TASK GOAL
Write out the line with "Gambar 2 : Dokumentasi" and every later line through the end of the data below, exactly as given, with no pictures in the copy.

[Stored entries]

________________________________________

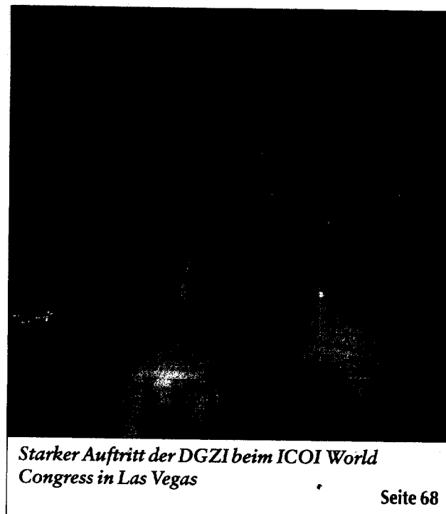
Starker Auftritt der DGZI beim ICOI World Congress in Las Vegas
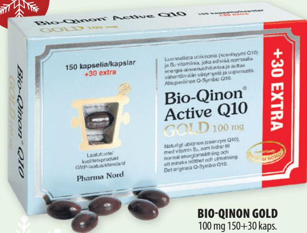
BIO-QINON GOLD 100 mg 150+30 kaps. 66 €
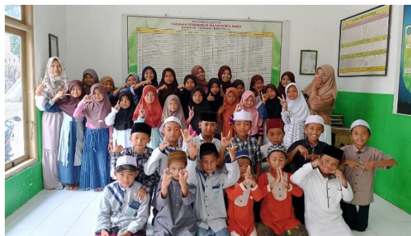
Gambar 2 : Dokumentasi kegiatan PKM di Madrasah Diniyah Miftahul Ulum Desa Grujugan Kidul, Kecamatan Grujugan, Kabupaten Bondowoso

Pelaksanaan kegiatan dilakukan melalui tiga metode utama, yaitu ceramah, diskusi interaktif, dan praktik. Metode ceramah digunakan untuk memberikan pemahaman konseptual mengenai materi Fiqih dasar. Selanjutnya, diskusi interaktif dimanfaatkan untuk memberikan kesempatan kepada peserta mengajukan pertanyaan, mendiskusikan berbagai persoalan Fiqih yang mereka temui dalam kehidupan sehari-hari, serta mengklarifikasi pemahaman yang masih kurang tepat. Tahapan terakhir berupa praktik dilaksanakan agar peserta memperoleh pengalaman langsung dalam menerapkan materi yang telah dipelajari sehingga pemahaman yang diperoleh tidak hanya bersifat teoritis, tetapi juga aplikatif.
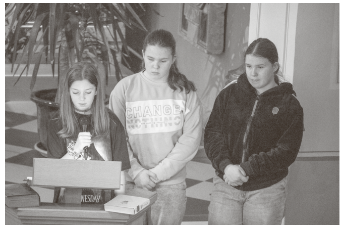
22. April 2023, Religionsschülerinnen am gemeinsamen Popularmusik-Gottesdienst in der Kirche Uesslingen
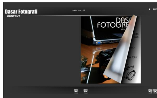
Gambar 3. Dasar Fotografi

Pada halaman dasar fotografi berisi tentang teori dasar fotografi. Pada halaman ini, materi yang disajikan dalam bentuk flipbook atau majalah digital. Tampilan halaman dasar fotografi ditunjukkan pada Gambar 3.
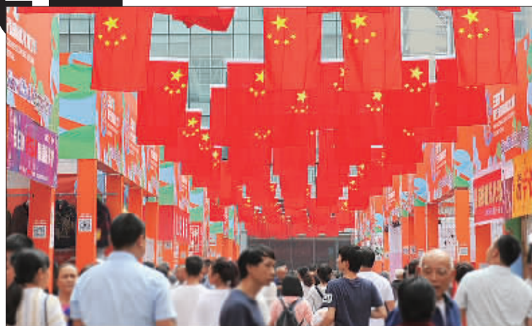
◀重庆市沙坪坝区三峡广场上百面五星红旗迎风飘扬。

________________________________________

WRITTEN RESPONSE
Gambar 2 : Dokumentasi kegiatan PKM di Madrasah Diniyah Miftahul Ulum Desa Grujugan Kidul, Kecamatan Grujugan, Kabupaten Bondowoso

Pelaksanaan kegiatan dilakukan melalui tiga metode utama, yaitu ceramah, diskusi interaktif, dan praktik. Metode ceramah digunakan untuk memberikan pemahaman konseptual mengenai materi Fiqih dasar. Selanjutnya, diskusi interaktif dimanfaatkan untuk memberikan kesempatan kepada peserta mengajukan pertanyaan, mendiskusikan berbagai persoalan Fiqih yang mereka temui dalam kehidupan sehari-hari, serta mengklarifikasi pemahaman yang masih kurang tepat. Tahapan terakhir berupa praktik dilaksanakan agar peserta memperoleh pengalaman langsung dalam menerapkan materi yang telah dipelajari sehingga pemahaman yang diperoleh tidak hanya bersifat teoritis, tetapi juga aplikatif.
22. April 2023, Religionsschülerinnen am gemeinsamen Popularmusik-Gottesdienst in der Kirche Uesslingen
Gambar 3. Dasar Fotografi

Pada halaman dasar fotografi berisi tentang teori dasar fotografi. Pada halaman ini, materi yang disajikan dalam bentuk flipbook atau majalah digital. Tampilan halaman dasar fotografi ditunjukkan pada Gambar 3.
◀重庆市沙坪坝区三峡广场上百面五星红旗迎风飘扬。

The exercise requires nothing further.